DATA FOR REVIEW:
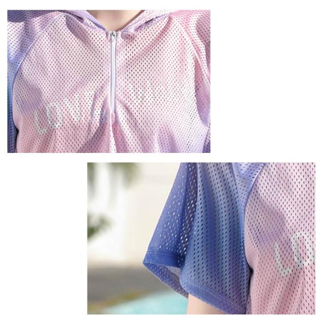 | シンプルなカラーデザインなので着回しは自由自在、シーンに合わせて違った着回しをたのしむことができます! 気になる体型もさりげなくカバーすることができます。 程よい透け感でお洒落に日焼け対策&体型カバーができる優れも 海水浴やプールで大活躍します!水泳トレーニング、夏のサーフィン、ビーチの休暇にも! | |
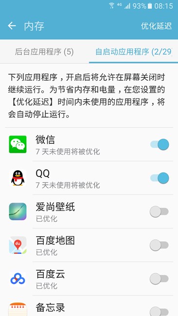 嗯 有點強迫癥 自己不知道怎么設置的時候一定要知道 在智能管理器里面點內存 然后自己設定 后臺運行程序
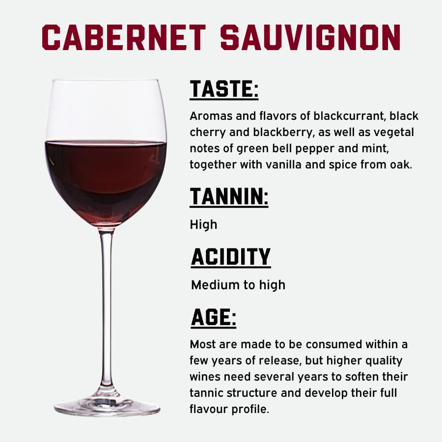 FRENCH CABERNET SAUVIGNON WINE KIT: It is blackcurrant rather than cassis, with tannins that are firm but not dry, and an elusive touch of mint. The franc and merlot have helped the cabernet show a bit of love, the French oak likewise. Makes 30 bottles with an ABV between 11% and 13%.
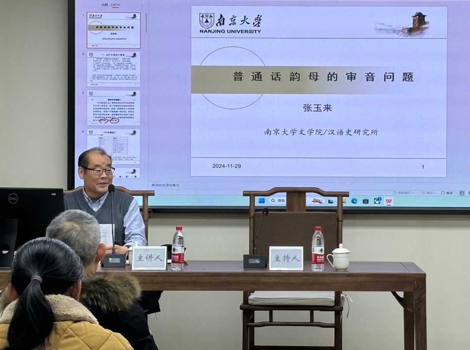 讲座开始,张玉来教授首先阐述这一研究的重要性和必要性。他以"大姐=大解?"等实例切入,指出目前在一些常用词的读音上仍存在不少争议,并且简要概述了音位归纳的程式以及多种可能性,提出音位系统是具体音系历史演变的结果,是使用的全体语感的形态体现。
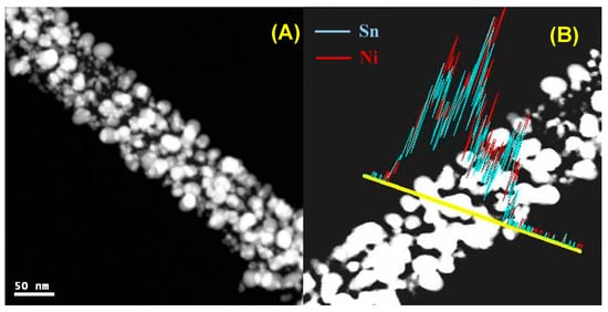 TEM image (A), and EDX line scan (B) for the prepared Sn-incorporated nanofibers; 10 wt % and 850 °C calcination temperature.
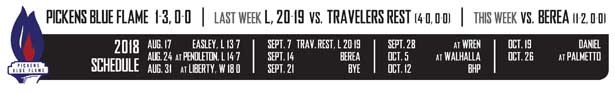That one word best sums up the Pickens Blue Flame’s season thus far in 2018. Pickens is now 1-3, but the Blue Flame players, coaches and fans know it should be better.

WORK REQUEST: From the line containing "TEM image (A), and" down to the last line of the entries above, copy each line exactly and nothing more. Leave pictures out.

SOLUTION FOR THIS PROBLEM:
 TEM image (A), and EDX line scan (B) for the prepared Sn-incorporated nanofibers; 10 wt % and 850 °C calcination temperature.
That one word best sums up the Pickens Blue Flame’s season thus far in 2018. Pickens is now 1-3, but the Blue Flame players, coaches and fans know it should be better.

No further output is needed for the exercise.